Working data:
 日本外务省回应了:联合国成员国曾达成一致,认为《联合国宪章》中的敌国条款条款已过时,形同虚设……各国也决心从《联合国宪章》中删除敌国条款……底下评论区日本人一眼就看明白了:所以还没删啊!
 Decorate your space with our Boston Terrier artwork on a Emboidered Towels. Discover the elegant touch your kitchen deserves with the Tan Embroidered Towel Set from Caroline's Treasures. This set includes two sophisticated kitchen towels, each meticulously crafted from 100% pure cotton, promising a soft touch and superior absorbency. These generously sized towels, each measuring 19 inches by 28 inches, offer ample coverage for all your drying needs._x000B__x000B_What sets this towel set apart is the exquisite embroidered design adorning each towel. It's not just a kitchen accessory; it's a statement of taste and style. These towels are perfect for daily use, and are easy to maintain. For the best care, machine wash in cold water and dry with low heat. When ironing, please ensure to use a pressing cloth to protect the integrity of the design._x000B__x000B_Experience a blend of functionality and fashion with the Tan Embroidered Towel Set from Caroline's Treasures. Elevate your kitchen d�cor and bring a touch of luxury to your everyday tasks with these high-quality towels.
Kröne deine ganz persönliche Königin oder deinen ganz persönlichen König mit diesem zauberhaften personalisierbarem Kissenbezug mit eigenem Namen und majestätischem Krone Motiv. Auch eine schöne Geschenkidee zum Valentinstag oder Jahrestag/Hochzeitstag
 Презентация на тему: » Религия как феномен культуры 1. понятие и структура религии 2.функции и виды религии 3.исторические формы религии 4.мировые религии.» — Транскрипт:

---

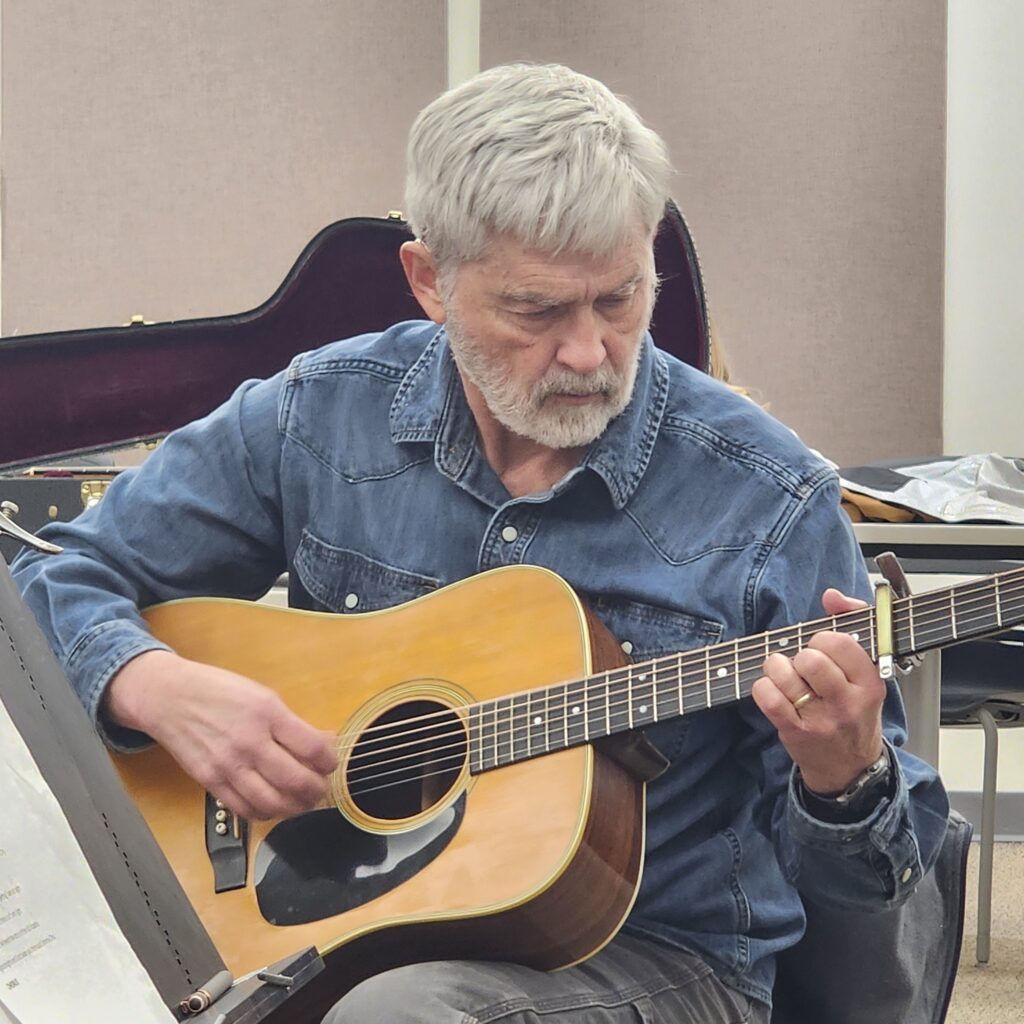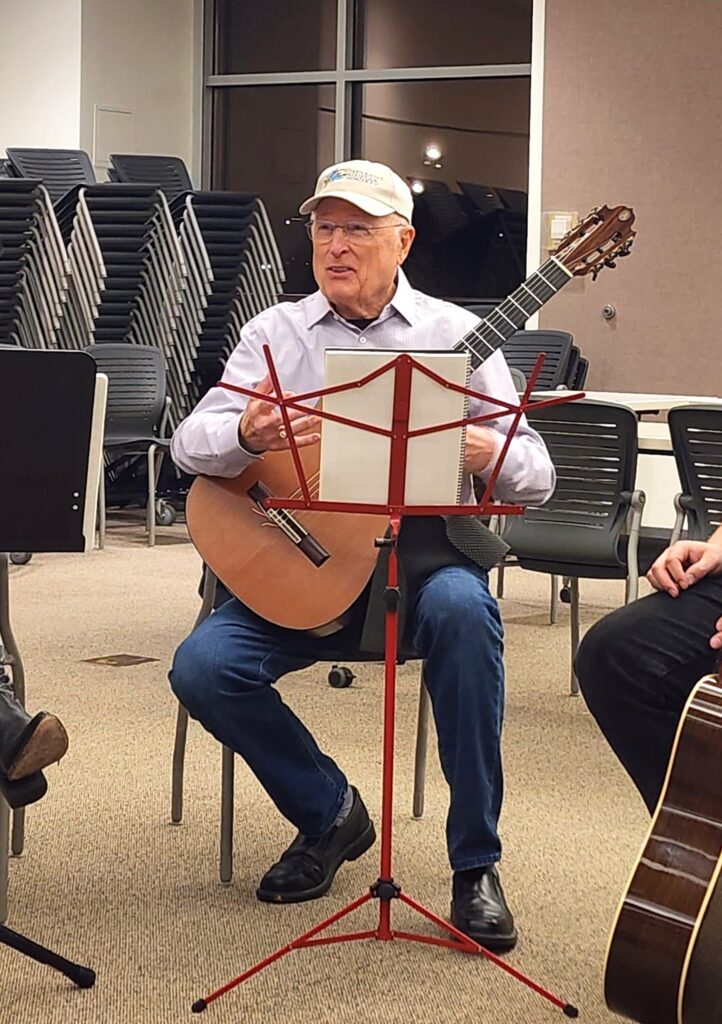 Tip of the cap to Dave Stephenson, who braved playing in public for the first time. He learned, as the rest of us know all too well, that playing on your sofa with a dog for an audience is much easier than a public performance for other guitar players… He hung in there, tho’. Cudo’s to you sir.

==

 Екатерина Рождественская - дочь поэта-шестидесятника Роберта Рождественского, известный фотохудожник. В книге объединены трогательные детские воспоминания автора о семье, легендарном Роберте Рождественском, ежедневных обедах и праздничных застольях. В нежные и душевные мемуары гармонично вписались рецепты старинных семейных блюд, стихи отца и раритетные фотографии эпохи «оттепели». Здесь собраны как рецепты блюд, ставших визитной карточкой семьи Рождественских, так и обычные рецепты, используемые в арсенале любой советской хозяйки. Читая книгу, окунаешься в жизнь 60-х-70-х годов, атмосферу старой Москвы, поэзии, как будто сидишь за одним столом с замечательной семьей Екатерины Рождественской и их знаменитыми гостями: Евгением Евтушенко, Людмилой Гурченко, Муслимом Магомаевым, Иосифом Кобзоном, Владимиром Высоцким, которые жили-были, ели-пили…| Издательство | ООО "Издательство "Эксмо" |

What this task involves:
From the records above, extract exactly and only the lines that begin at the line with "Kröne deine ganz" and stop after the line with "Религия как феномен".

Response area:
Kröne deine ganz persönliche Königin oder deinen ganz persönlichen König mit diesem zauberhaften personalisierbarem Kissenbezug mit eigenem Namen und majestätischem Krone Motiv. Auch eine schöne Geschenkidee zum Valentinstag oder Jahrestag/Hochzeitstag
 Презентация на тему: » Религия как феномен культуры 1. понятие и структура религии 2.функции и виды религии 3.исторические формы религии 4.мировые религии.» — Транскрипт:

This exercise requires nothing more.